[#5968] __alloc_pages_internal() may loop endlessly under certain conditions
Submitted By: Enrik Berkhan
Open Fixed In Release:
Found In Release:
BF561 Silicon Revision:
Is this bug repeatable?:
Uboot version or rev.:
Toolchain version or rev.:
App binary format:
Summary: __alloc_pages_internal() may loop endlessly under certain conditions
During system load testing, our systems sometimes hang forever in __alloc_pages_internal() even though plenty of memory was free. The hanging processes could be made work again by "some external event" like telnet login.
The hanging processes called __alloc_pages_internal() from ext4 code having __GFP_FS cleared in gfp_mask intentionally. First, I had suspected ext4, so you can find some details on the ext4 list: http://marc.info/?l=linux-ext4&m=126597928719941&w=2
I think one of the reasons for the behavior is calling drop_pagecache() (Blackfin specific addition, which helps a lot generally, BTW) in __alloc_pages_internal(), which can lead to try_to_free_pages() return 0 repeatedly. That in turn can trigger endless retrying in __alloc_free_pages().

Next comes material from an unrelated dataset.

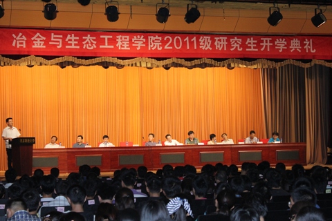 2011级研究生开学典礼在教工活动中心隆重举行。开学典礼由院党委副书记王春义主持,院党委书记宋波、副院长张建良、郭占成、耿小红,钢铁冶金系主任成国光、冶金物理化学系主任邢献然、有色冶金系主任薛济来、生态科学与工程系副主任李宏煦、冶金与材料史研究所副所长李秀辉出席了开学典礼。

My current fix is to call get_page_from_freelist() after each call to drop_pagecache() again, because the probability of getting the pages then seems to be very high.
--- Sonic Zhang 2010-03-29 06:44:01
You suggested workaround introduces extra performance drop.
get_page_from_freelist() is already called if your gfp_mask has __GFP_FS set.
How about only call get_page_from_freelist() after drop_pagecache() with
__GFP_FS is not set?
--- Sonic Zhang 2010-03-29 06:58:28
I think it is better to do drop_pagecache() after try_to_free_pages() in
__alloc_pages_internal() to avoid endless loop from scratch.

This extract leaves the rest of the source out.